They can
argue, but if we keep our heads, they cannot
overturn a founding
principle. As in the Atorvastatin article when
patients are running to
their doctors, saying, "My God, I can't
think", and it
is observable by
medical practitioners that indeed they can't,
it's a
significant event.
However, it does need to be put into proportion,
serious effects to a few
hundred people must be weighed against
efficacious
help for millions.
http://www.theheart.org/article/843115.do
Note the reference to a Wall Street Journal article.
If our inclusion of this information in a Wikipedia
article and placing
undue emphasis on it results in thousands of
deaths
because people are
afraid of the drug, then we need to look at the
way it
is handled, not
just to a conclusion that there can be no
negative
information about
useful drugs.
Fred
On the other hand, failing to include it could be leading
to deaths.
The point is, we can't know. What we have always done is
simply report
(responsibly) what the reliable sources are saying, and
that has
always included the high-quality media, because they
represent a
significant source of majority or significant-minority
opinion. The
academic journals are often very slow to report problems.
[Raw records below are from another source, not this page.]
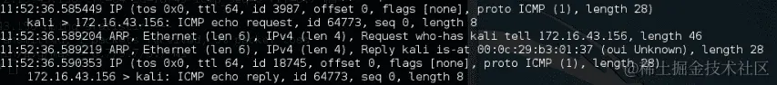 从前面的屏幕截图中,我们知道已向目的地(IP 地址=172.16.43.156)发送了一个 ICMP echo 请求数据包。同时,发送主机(IP 地址=172.16.43.150)收到了一个 ICMP echo 回复数据包。所需的往返时间为.869 ms,在整个过程中没有丢包。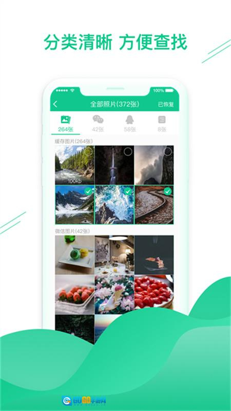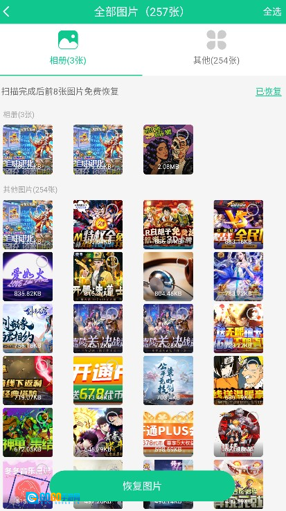 2. 图片恢复:涵盖照片恢复、缓存照片恢复、微信聊天图片恢复以及QQ图片恢复等。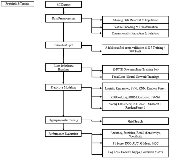 Prior studies have used the same publicly available myocardial infarction dataset for related prediction tasks but employed limited preprocessing and imbalance handling. Diakou et al. [11] applied multi-label classification (e.g., One-vs-Rest with XGBoost) to predict complications, but without deep imputation, advanced normalization, or structured imbalance control. Joshi et al. [12] achieved high F1 scores using classical algorithms such as Ridge Classifier and SVC, yet relied only on median imputation, mutual information feature selection, and no balancing or normalization. Reddy and Thangam [13] predicted relapse risk using resampling methods such as SMOTE and SVM-SMOTE, but they lacked deep preprocessing and model-specific optimization.
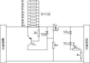 在圖8中,R1—R10為1Ω的標(biāo)準(zhǔn)電阻,功率為2W,當(dāng)電流超過(guò)預(yù)定值時(shí),在并聯(lián)電阻上的壓降超過(guò)0.7V,三極管導(dǎo)通,此時(shí),MOSFET將因柵源極間承受反向電壓而截止,從而切斷主電路;當(dāng)電流值正常時(shí),MOSFET正常導(dǎo)通,不會(huì)影響電路的正常工作。這種電路的缺點(diǎn)在于,如果電路中出現(xiàn)時(shí)斷時(shí)續(xù)的過(guò)電流時(shí),MOSFET將會(huì)不斷地動(dòng)作。為此,在圖3中還加入了其他保護(hù)元器件。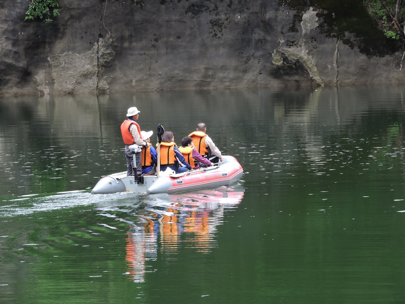 身淵渓谷通り抜け参拝の旅はモ−タ−ボ−ト乗船定員5名のちいさなたびですが乗船する価値は充分あります。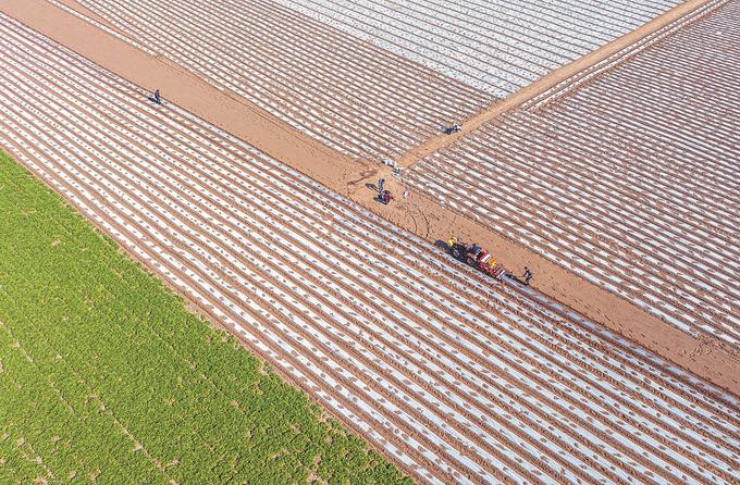 泗洪縣雙溝鎮(zhèn)雪三村花生種植基地機(jī)械化春耕場(chǎng)景。張連華 攝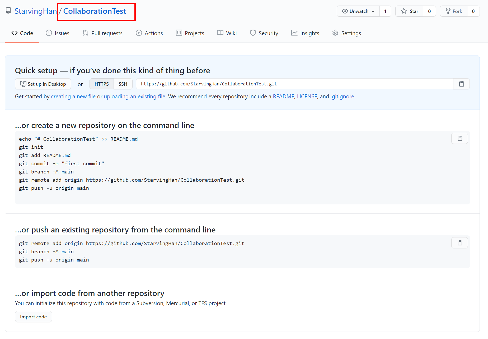 저는 github 홈페이지에서 CollaborationTest라는 원격저장소를 만들었습니다.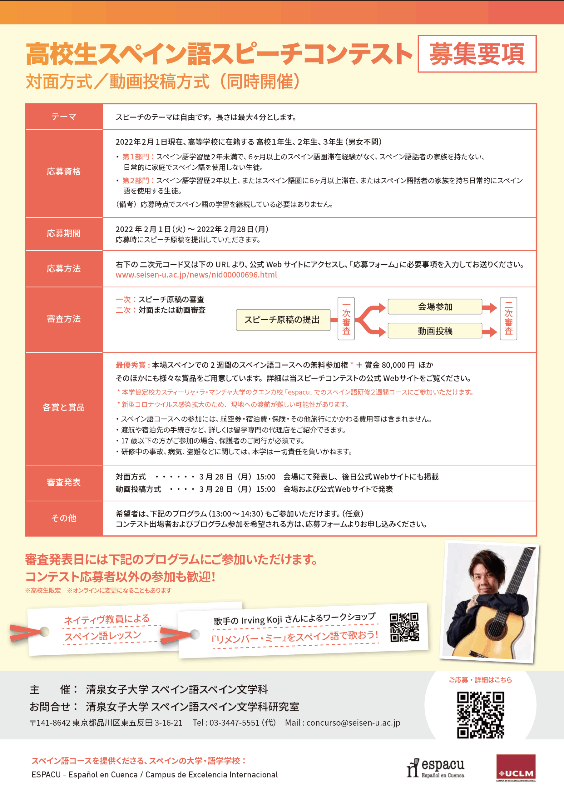 なお、審査発表日の3月28日(月)には下記のスペイン語プログラムを開催。スピーチコンテスト応募者以外の参加も可能となっている(高校生限定)。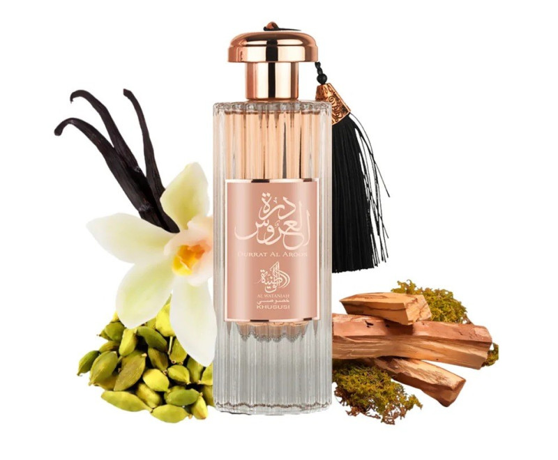 Durrat Al Aroos faz parte da linha Dubai de Al Wataniah. Originário dos Emirados Árabes Unidos, Al Wataniah nasceu do desejo de entregar ao mundo elegantes fragrâncias com um toque místico, sedutor e de alta qualidade. Possui perfumes que combinam as melhores notas francesas com notas orientais, desenvolvidos por perfumistas de renome em todo o mundo. Suas combinações exclusivas são intensas e viciantes, cativando os que ousam se deixar seduzir por sua magia.
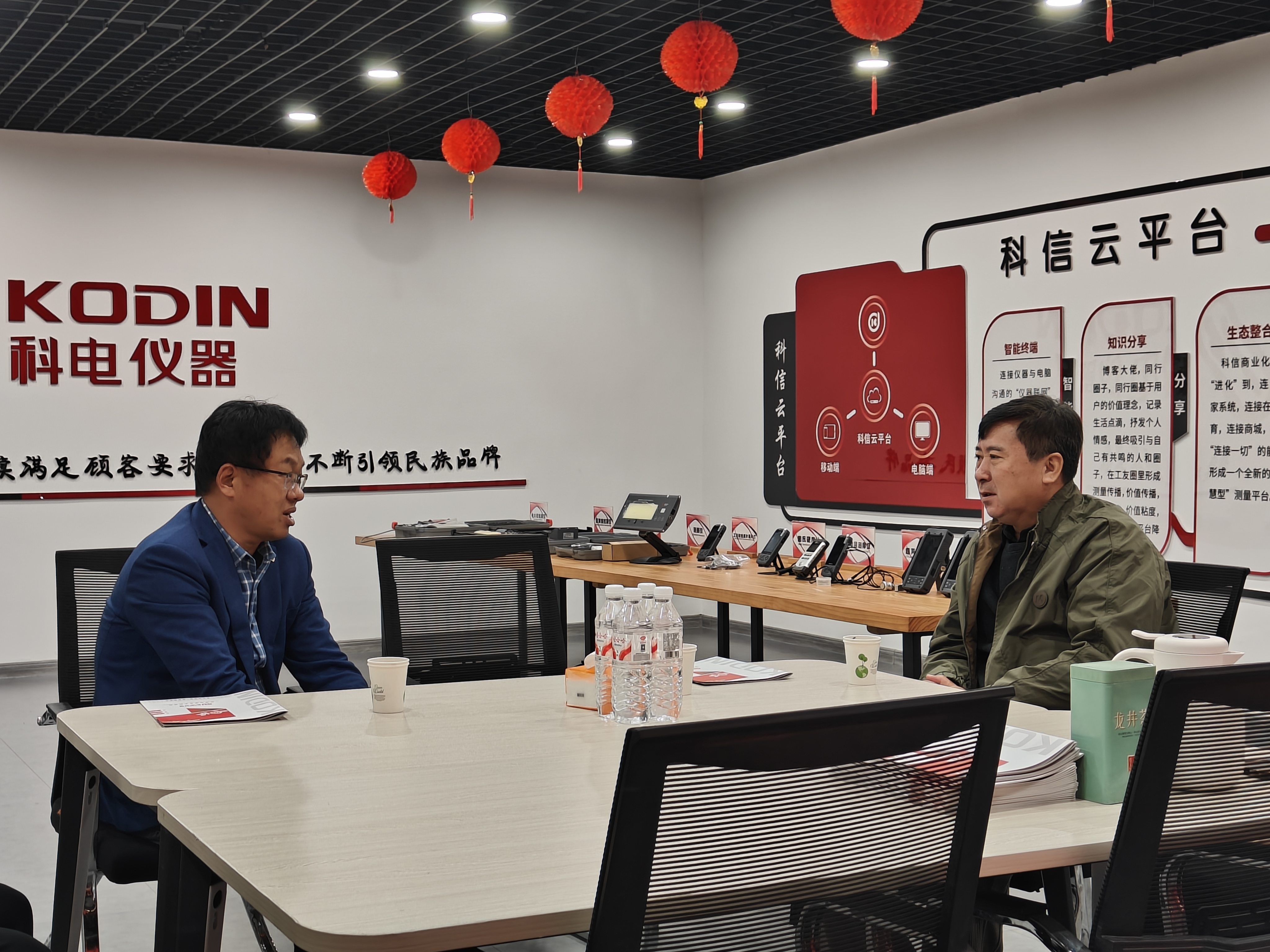 交流伊始,雙方在科電儀器展廳開展會談。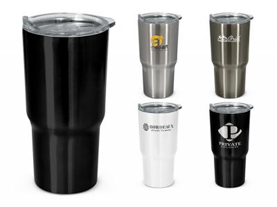 Personalize your large stainless double walled mugs (550ml) or custom design travel mugs for your marketing campaign.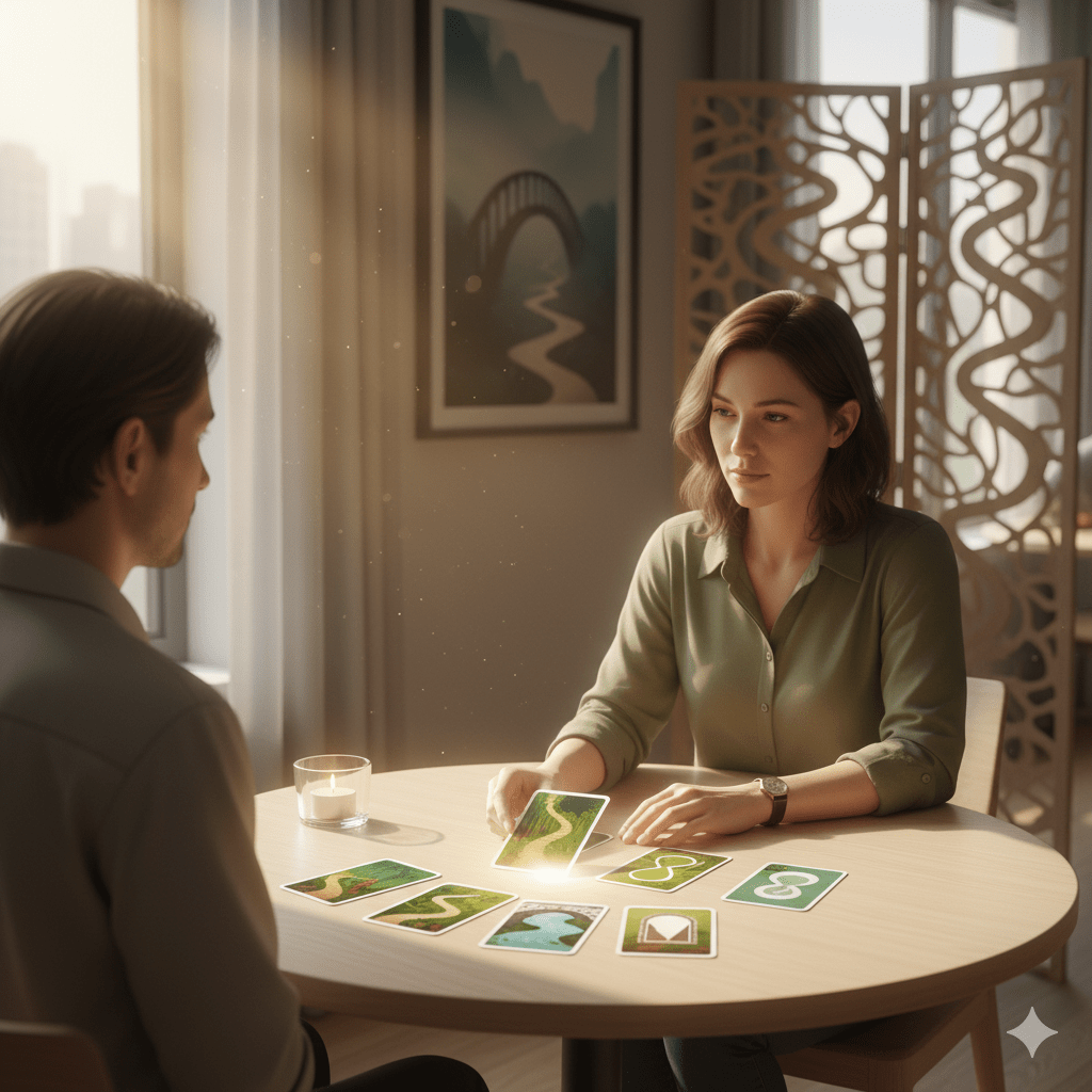 A thoughtful adult sitting at a table with OH Cards, soft sunlight streaming in, counsellor guiding the session, cards showing abstract symbols like paths, bridges, doors, reflective and calm mood, professional but slightly mystical, modern Singaporean interior, warm color tones (soft browns, greens, gold), contemplative expression, subtle artistic glow highlighting the cards. Visualize cards laid out in a semi-circle, with client reaching for one card intuitively. Add soft visual metaphors of paths or bridges subtly in the background.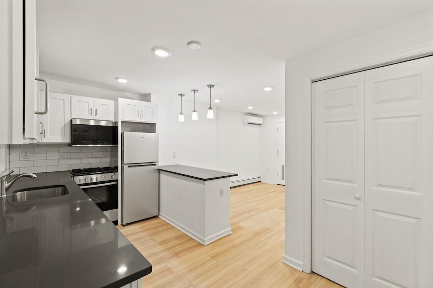 The apartment's open design offers a fluid layout for social entertainment to the dining experience, with abundant sunshine through the oversized windows. The new construction apartment includes stainless steel appliances with a refrigerator, dishwasher, microwave, and range. The mini-split heating and cooling controls allow you to control each room's temperature for the perfect settings. The large pantry in the kitchen allows for plenty of storage. The entry has a large coat closet. The hardwood floors throughout and the pristine bathroom offer comfort in a private setting. The apartment includes a washer/dryer combo. The tenant will have access to a shared backyard for summer barbeques or just relaxing in the spring or summer air. The apartment is conveniently located 1/2 mile from Journal Square Path and all Journal Square's convenient shopping. Whether you prefer the bus or path, it will get you where you need to go. Twenty minutes to the World Trade Center, 35 minutes to Port Authority, or get on 78 if you need to go north or south within five minutes.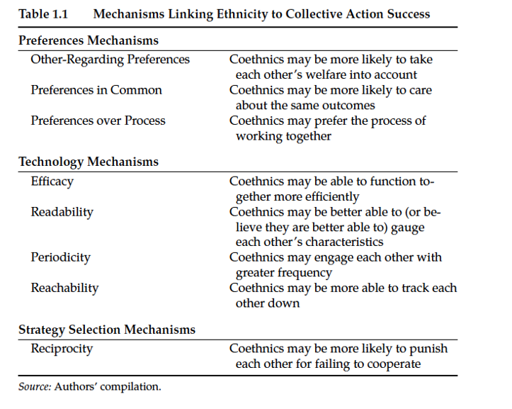 - Micro-level studies find that shared identity promotes collective action among “coethnics,” and prevents cooperation among “non-coethnics”

You are right that they cannot overturn a founding
principle. But they
can ignore it, or persuade new editors that their
interpretation of it
is correct, and after a few years of this the spirit of the
founding
principle gets lost. Fighting them is a tremendous amount
of work, and
increasingly few people have the stomach for it.
Sarah
We are between a rock and a hard place, aren't we. Media reports
- may report interesting studies as scientific breakthroughs;
- sometimes misreport statistical significance levels;
- may present claims as major controversies in a field, even if 98% of
scholars are in agreement;
- etc.
Some of our articles completely ignore the existing scholarly literature in
favour of press articles, simply because the latter are more easily
accessible.
Nobody denies that the best journalistic work may be more reliable than
the lowest-quality scholarly work. If I am presented with a meticulously
researched, extensively fact-checked 60-page article in the New Yorker and
a conference paper delivered by an academic oddball, my sympathies are
entirely with the New Yorker.
On the other hand, nobody will seriously argue that, all things being
equal, the average media report is more reliable, or even as reliable, as
the average scholarly source.
And where there is a body of scholarly research, the peer-reviewed
scholarly literature is the most authoritative literature around. When
governments formulate policy, they do not look in the pages of the Daily
Telegraph to establish what the scientific state of the art is. They do
not contact the BBC's science writers to present them with a brief.
Instead, they ask the advice of leading scholars.
There is the difference in reliability in a nutshell.
As an encyclopedia, we cannot pretend that writing an article on climate
change, or the solar system, or cholesterol, or Doris Lessing's novels, can
be done just as well using media sources as it can be done using scholarly
sources.
It can't.
Having said that, I would always argue that it is our job to cover notable
controversies in the public consciousness, including controversies
surrounding topics that are the subject of scholarly research.
There is merit to both sides of the debate here:
In fields that are the subject of significant academic research -- whether
that be hard science or the humanities -- we must make sure that we reflect
the current status of that research. If all we cite is newspapers, we have
done a poor job.
If there is significant discussion in the media around one of these topics,
we must tell the reader about this discussion. If we don't, we have done a
poor job.
Where media reports are based on scholarly studies, it is best to cite both
the media report and the study, as Fred did in the Atorvastatin edit (which
has stuck so far), and where they disagree, go with the underlying study.
If we are agreed on the above principles, the task becomes a simple one:
find a wording that encapsulates those principles.